Generative search and recommendation are advanced paradigms that reframe retrieval and ranking as sequence generation over semantic IDs, enabling enhanced personalization.
They leverage large Transformer architectures and multimodal models to convert user queries or histories into tailored document or product identifiers.
Practical evaluations show improvements in metrics like CTR, GMV, and NDCG, while challenges remain in scalability, dynamic corpus handling, and ensuring factual accuracy.
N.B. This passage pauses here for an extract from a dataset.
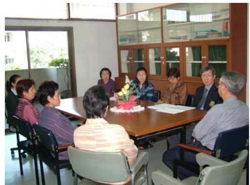
คณะกรรมการฯ เชื่อมชมภาควิชาจิตวิทยาการศึกษาฯ วันที่ 30 พฤศจิกายน 2548

Generative search and recommendation refer to information access paradigms in which large generative models—including LLMs, multimodal generators, and sequence models—are tasked with directly producing relevant item or document identifiers (IDs), textual queries, or even entirely novel content tailored to user intent, replacing traditional discriminative retrieval, ranking, and recommendation pipelines. These approaches reframe the matching task in recommender systems and search engines as sequence generation over semantic or numerical IDs, natural-language queries, or multimodal tokens, enhancing flexibility, personalization, and adaptability in handling rich user contexts and dynamic corpora (Li et al., 2024, Rajput et al., 2023, Liu et al., 19 Oct 2025, Shi et al., 8 Apr 2025).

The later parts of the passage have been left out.